Personal information
- National team: South Korea
- Born: 27 June 1978 (age 48) Busan, South Korea

Korean name
- Hangul: 이지현
- Hanja: 李枝泫
- RR: I Jihyeon
- MR: I Chihyŏn

Sport
- Sport: Swimming
- Strokes: Backstroke
- College team: Sungshin Women's University

Medal record
Women's swimming
Representing South Korea
Asian Games
| Bronze medal – third place | 1994 Hiroshima | 4×100 m medley |

= Lee Ji-hyun (swimmer, born 1978) =

South Korean swimmer

Lee Ji-hyun (born June 27, 1978) is a South Korean former swimmer, who specialized in backstroke events. She won the bronze medal in the medley relay at the 1994 Asian Games, and later represented South Korea at the 1996 Summer Olympics.

Lee started her competitive swimming, as a 16-year-old teen, at the 1994 Asian Games in Hiroshima, Japan. She helped the South Koreans earn a bronze medal in the 4 × 100 m medley relay with a time of 4:22.11.

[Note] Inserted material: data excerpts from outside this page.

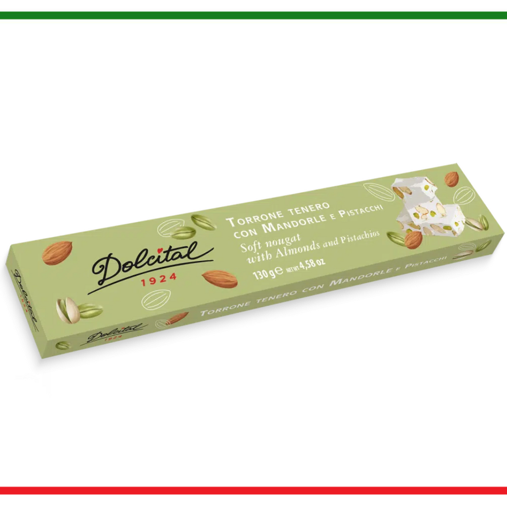 Moale, cu migdale și fistic.Crocantul migdalelor naturale, aroma fisticului prăjit, unicitatea întâlnirii lor.Un cadou special din Italia, ambalat într-o cutie colorată.
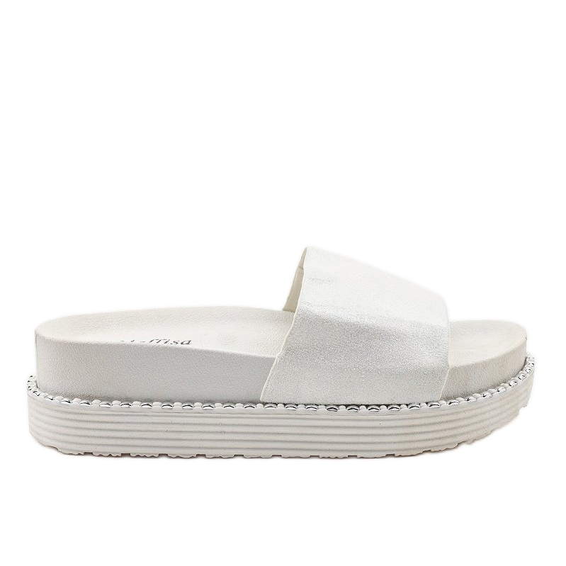 Inna marka Chinelos brancos com sola grossa, camurça brocado TL3808
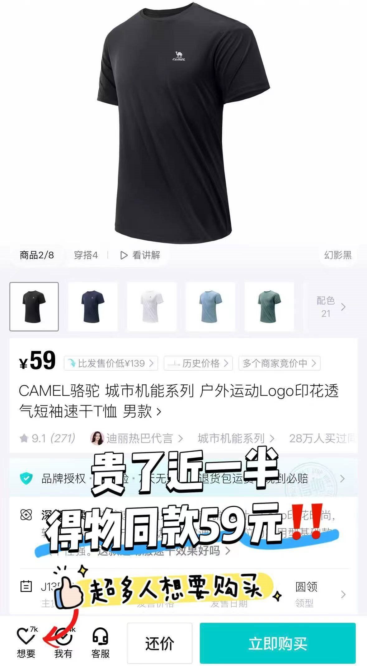 骆驼 男女速干短袖T恤/短裤

At the 1996 Summer Olympics, Lee competed for her maiden South Korean squad in two swimming events. In the women's 100 m backstroke, Lee broke a new South Korean record to touch the wall first in 1:03.96, narrowly missing out of the consolation final by seven hundredths of a second (0.07). On the last day of the prelims, Lee posted a lead-off split of 1:04.55 to deliver the South Korean female foursome of Byun Hye-young (breaststroke), Park Woo-hee (butterfly), and Lee Bo-eun (freestyle) a combined time of 4:18.98 for the eighteenth spot in the 4 × 100 m medley relay.

She was educated at Mangmi Girls' Middle School, Busan Sport High School, and Sungshin Women's University.